The lines below, from the one holding "Диаграмма 1. Приоритетные ценности учащихся" through the one holding "Các chỉ số chính", are to be restated word for word, with all images left out.
### MATERIALS PROVIDED ###
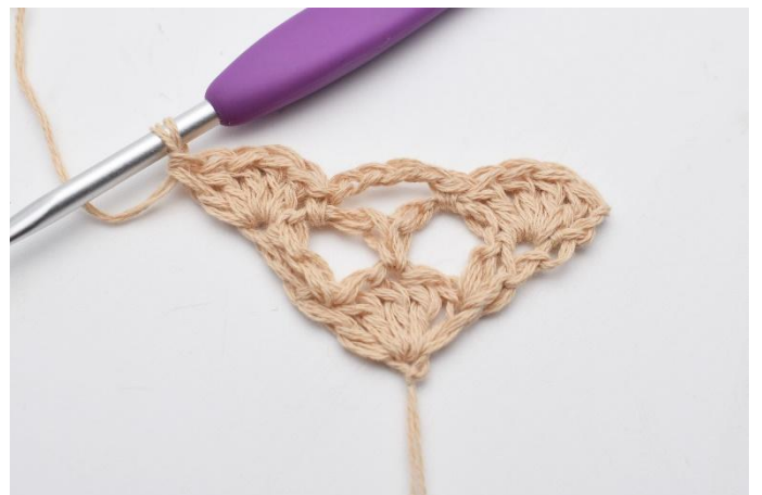
10. virkas en st-båge (5 st).
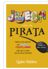
JUEGA COMO UN PIRATA ROLLINS, Q.
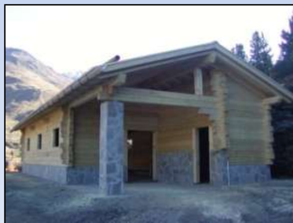
Comune di Valfurva – Alpeggio Salettina
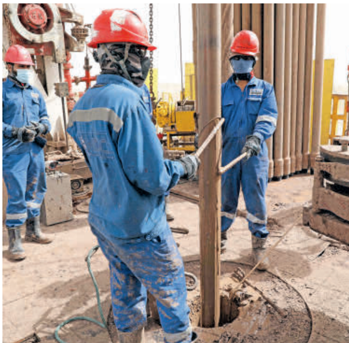
Ecopetrol Fronter, Parex y Hocol son algunas de las compañías que apelan al recobro para subir producción.
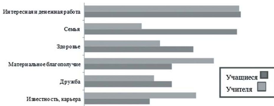
Диаграмма 1. Приоритетные ценности учащихся

Учителя, основываясь на школьном опыте, скромнее оценивают эти качества, предпочитая думать о том, что в школьной обстановке чаще формируются «люди, добивающиеся в жизни своего».
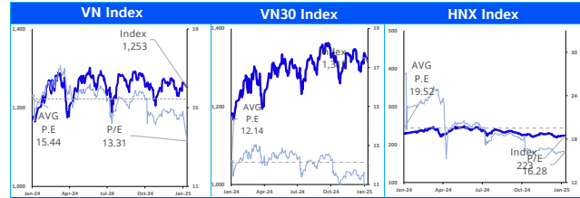
Các chỉ số chính trên thị trường chứng khoán Việt Nam

Chiến lược: Thị trường đang theo xu hướng trading sideway chủ đạo. Nếu trading ngắn hạn, nhà đầu tư có thể cân nhắc giải ngân quanh vùng 1,240 điểm và chốt lời dần khi tiến về 1,300 điểm. Với chiến lược nắm giữ, nhà đầu tư có thể giải ngân thêm khi VN-Index vượt khỏi và bảo vệ thành công vùng 1,300 điểm.
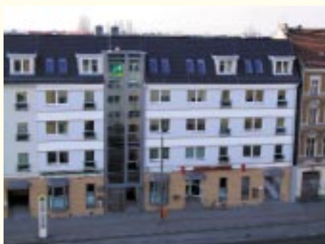
Müggelheimer Straße 17c

Das Jahr 2005 hielt in punkto Sanierung sehr anspruchsvolle Aufgaben für uns bereit.
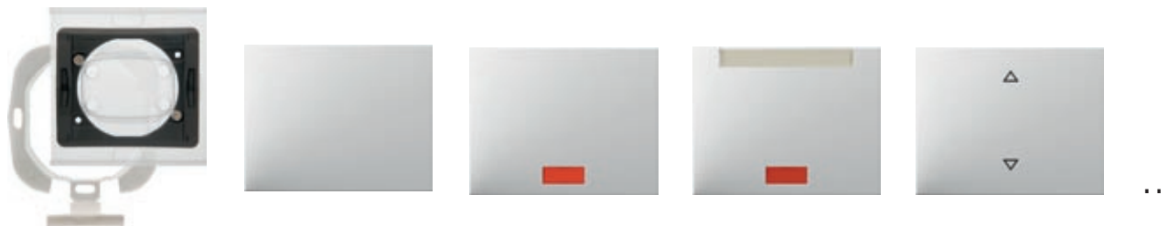
Dichtungsset K.1/K.5 für Wippschalter/-taster
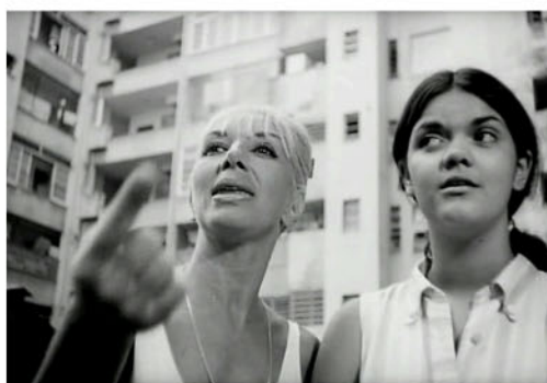
Fig. 4: Frame de A opinião pública , 1967

No meio das moças que expressam suas opiniões sobre amor e paixão, uma mulher madura se destaca pela segurança com que fala, demonstrando domínio no assunto (fig. 4). Dentre seus rasos conselhos sentimentais, diz para as jovens com quem conversa: “Eu conheço moças que namoram rapazes, deixam os rapazes beijar e não gostam deles, isso é que é carnal. (...) Moça que gosta fica em casa, esperando telefonema (...)”
###
| PROBLEM SOLUTION |
Диаграмма 1. Приоритетные ценности учащихся

Учителя, основываясь на школьном опыте, скромнее оценивают эти качества, предпочитая думать о том, что в школьной обстановке чаще формируются «люди, добивающиеся в жизни своего».
Các chỉ số chính trên thị trường chứng khoán Việt Nam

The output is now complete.